2. Supported Variants
| Model | Active / Total | HF ID |
|---|
| DeepSeek-V4-Flash | 13 B / 284 B | sgl-project/DeepSeek-V4-Flash-FP8 |
3. Quick start
3.1 One-line launch
One command runs the full pipeline — dataset download, FP8 → BF16 cast, distributed torch_dist conversion, and the training loop:
# H200 / B200 (cu129 x86) -> radixark/miles:deepseek-v4
# GB300 (cu130 arm64) -> radixark/miles:gb300-dev-dskv4
docker pull radixark/miles:deepseek-v4
# 8-node Flash run, inside the container
cd /root/miles
python scripts/run_deepseek_v4.py full-train \
--model-name DeepSeek-V4-Flash-FP8 \
--num-nodes 8 --num-gpus-per-node 8
The full-train subcommand chains prepare-download → prepare-single → prepare-spmd → prepare-cp → train. Each stage has a sentinel-based skip so you can re-run safely after the first invocation.
3.2 Launcher path defaults
The Python launcher (scripts/run_deepseek_v4.py) takes its path arguments from CLI flags. The defaults are:
| Flag | Default | Use |
|---|
--data-dir | /root/datasets | HF datasets (e.g. dapo-math-17k, …) |
--model-dir | /root/models | parent directory holding the HF checkpoint and Megatron _torch_dist artifacts as separate sibling sub-directories |
--model-local-dir | /root/local_data | local NVMe path on each node; prepare-cp rsyncs the HF checkpoint and _torch_dist here so the trainer reads from local disk instead of shared storage |
--save-dir | /root/models | training checkpoints under {save-dir}/{run-id}/checkpoints/ |
You can override these on the launcher when your cluster mounts a different layout. There are no MILES_SCRIPT_* env vars that preconfigure these paths; the only env vars the launcher reads are MILES_SCRIPT_EXTERNAL_RAY and MILES_SCRIPT_ENABLE_RAY_SUBMIT (both governing Ray bootstrapping, see §4.3).
4. Script breakdown
In this section, we explain what full-train does under the hood, and how to drive each stage manually if you need to debug or run outside the one-line launcher.
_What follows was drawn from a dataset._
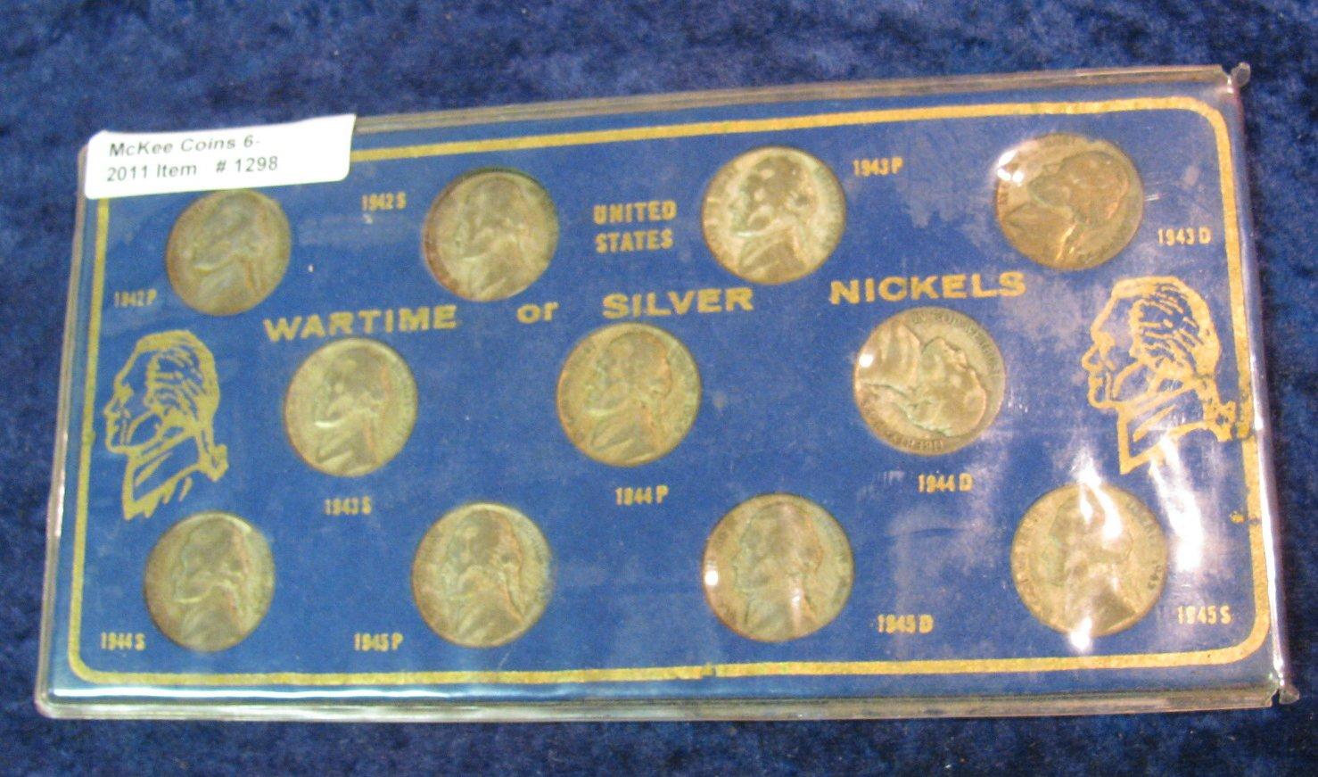 1298. 1942-45 Complete Set of Silver War Time Nickels.

4.1 Download model + datasets
# inside the radixark/miles:deepseek-v4 (H200 / B200) or
# radixark/miles:gb300-dev-dskv4 (GB300) container
hf download sgl-project/DeepSeek-V4-Flash-FP8 --local-dir /root/models/DeepSeek-V4-Flash-FP8
hf download --repo-type dataset zhuzilin/dapo-math-17k --local-dir /root/datasets/dapo-math-17k
hf download --repo-type dataset zhuzilin/aime-2024 --local-dir /root/datasets/aime-2024
The Python launcher’s prepare-download subcommand does the dataset fetch automatically; pass --hf-checkpoint <path> to skip the model download when the FP8 weights are already on a shared filesystem.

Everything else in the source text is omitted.